"To-day it is hard and almost impossible for me to say when the word 'Jew' first began to raise any particular thought in my mind. I do not remember even having heard the word at all at home during my father's lifetime. If this name were mentioned in a derogatory sense I think the old gentleman would just have considered those who used it in this way as being uneducated reactionaries."
"It was not until I was fourteen or fifteeen years old that I frequently ran up against the word 'Jew', partly in connection with political controversies. These references aroused a slight aversion in me, and I could not avoid an uncomfortable feeling which always came over me when I had to listen to religious disputes. But at that time I had no other feelings about the Jewish question."
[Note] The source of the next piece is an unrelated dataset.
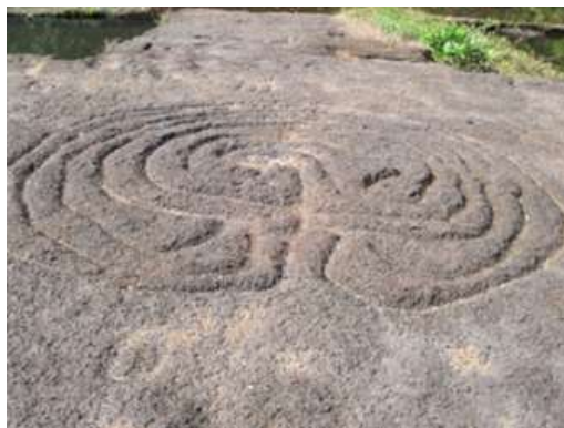
The Labyrinth at the very center (likely a coiled snake), nature's driving force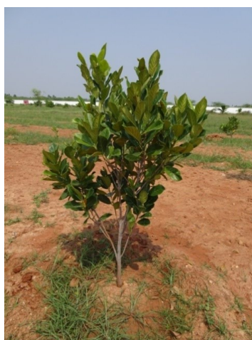
Fig.5. Field view

"There were very few Jews in Linz. In the course of centuries the Jews who lived there had become Europeanised in external appearance and were so much like other human beings that I even looked upon them as Germans. The reason why I did not then perceive the absurdity of such an illusion was that the only external mark which I recognised as distinguishing them from us was the practice of their strange religion. As I thought that they were persecuted on account of their Faith my aversion to hearing remarks against them grew almost into a feeling of abhorrence."
"In the Jew I still saw only a man who was of a different religion, and therefore, on grounds of human tolerance, I was against the idea that he should be attacked because he had a different faith. And so I considered that the tone adopted by the anti-Semitic Press in Vienna was unworthy of the cultural traditions of a great people. The memory of certain events which happened in the middle ages came to my mind, and I felt that I should not like to see them repeated. Generally speaking, these anti-Semitic newspapers did not belong to the first rank - but I did not then understand the reason of this - and so I regarded them more as the products of jealousy and envy rather than the expression of a sincere, though wrong-headed feeling."
"My own opinions were confirmed by what I considered to be the infinitely more dignified manner in which the really great Press replied to those attacks or simply ignored them, which latter seemed to me the most respectable way."
From Vol 1, chapter 2 of Hitler's "Mein Kampf".